I always bring plain paper, marker pens and whiteboard pens to a teaching session, and often use a digital OHP or the whiteboard to draw diagrams live in the session. Again – this is a lot more efficient than faffing creating beautfil slides. I also find drawing diagrams live in a class allows for responding to student questions and extra annotations if needed. I’ll take a photo of the board and upload it to the VLE if needed. A tablet and stylus could also do the job digitally if you want to hook up to the projector. The important thing is starting with the blank piece of paper, or perhaps a skeleton diagram that you populate live.
I might also record a video of content to watch before or after the class, and for this I use nothing more complicated than a single take video of me drawing annotated diagrams onto a blank sheet of paper (see my YouTube channel for examples). What would take me hours to recreate in PowerPoint diagrams I can record as a single take in ~20 minutes. And to be honest, I think the hand drawn videos are better than a fancy narrated PowerPoint. I always felt best teaching was at the whiteboard, and I wanted to recreate that spontaneity in my videos. There is something about the rawness of them, and the fact that nothing gets drawn without being explained, so the pacing is much better. I also won’t record a video unless I can imagine it being used for multiple purposes, or at least be used for multiple years. I host my videos on YouTube so they get a secondary audience as well as my immediate students, so the impact and reach of those resources is much greater.

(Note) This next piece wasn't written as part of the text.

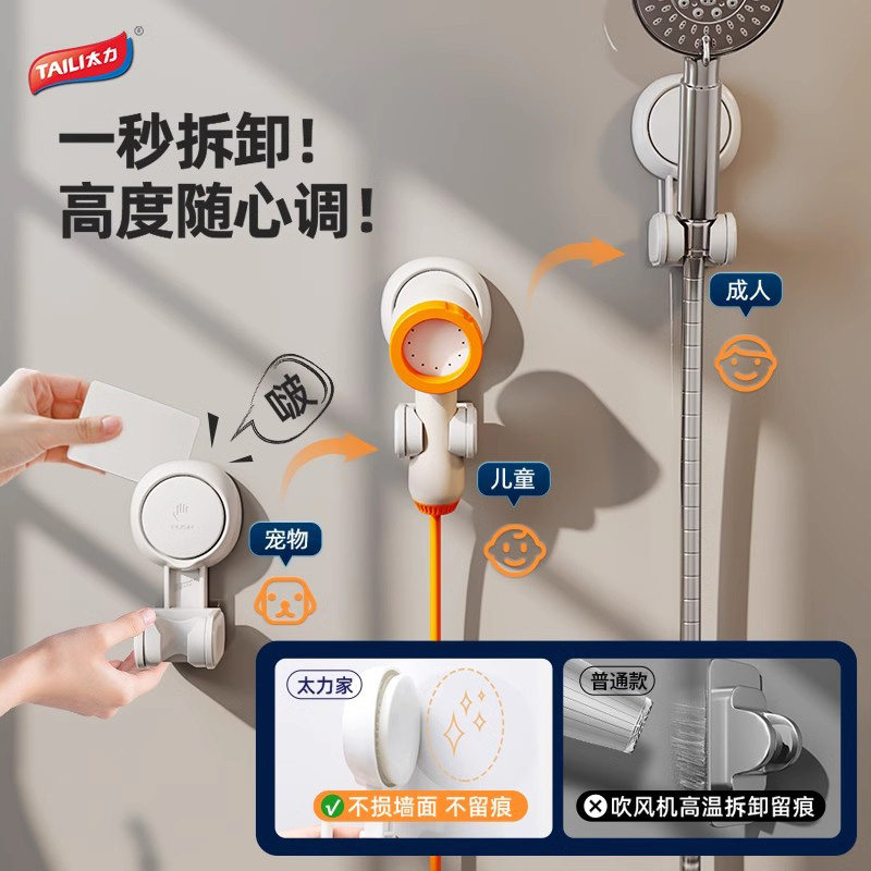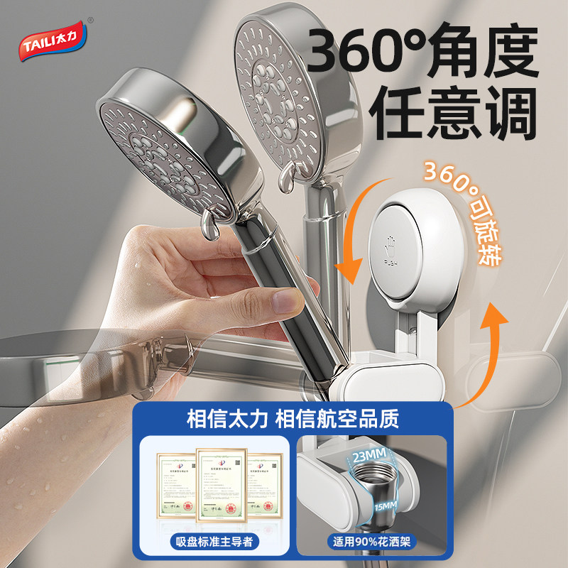 📚 太力万向花洒支架免打孔淋浴淋雨喷头置物架可移动吸盘挂钩固定器

Sometimes I will produce a worksheet and print that off. Old school right?! I know that many institutions discourage paper teaching resources, but sometimes it is the right thing to do pedagogically. I have been known to have that argument with colleagues in accounts or sustainability. And let’s not forget that digital resources are not sustainable either – they all rely on servers which consume electricity, and may be cooled by vast amounts of water. If I need my students to annotate a diagram or complete a table in class, sometimes the digital alternative is far too clunky and nothing substitutes for a printed version.
Sometimes I will ask students to bring their devices into class and ask them to access resources that way rather than on a central large screen. For example if a class focuses on a particular research paper, it is impractical to display that on the central screen. I’m always mindful of inclusion here, and will bring some printed copies, or structure a session so students work in small groups so at least one person has a device available.
Stop making beautiful PowerPoints!
I’ll come back to where I started. Our job as educators is not to make beautiful PowerPoint slides, and doing so is a phenomenally inefficient way of preparing teaching. Our job is to help our students learn and meet the requirements of their course. I’m not saying get rid of slide decks entirely – there is a place for them, and it would not be inclusive to get rid of high quality visual aids. But we don’t need to be so reliant on high end PowerPoint slides all the time. They can actively distract us from what our students are learning. Focus on what students are doing with the information, and how your teaching session helps them to achieve their learning outcomes. Then choose the most appropriate format for that. It might be a slightly scrappy PowerPoint, or it might be something else entirely. Since I made the decision to ditch PowerPoint wherever possible, I haven’t looked back. I therefore encourage you to free yourselves from all of that time and effort, and create resources that emphasise learning, not graphic design.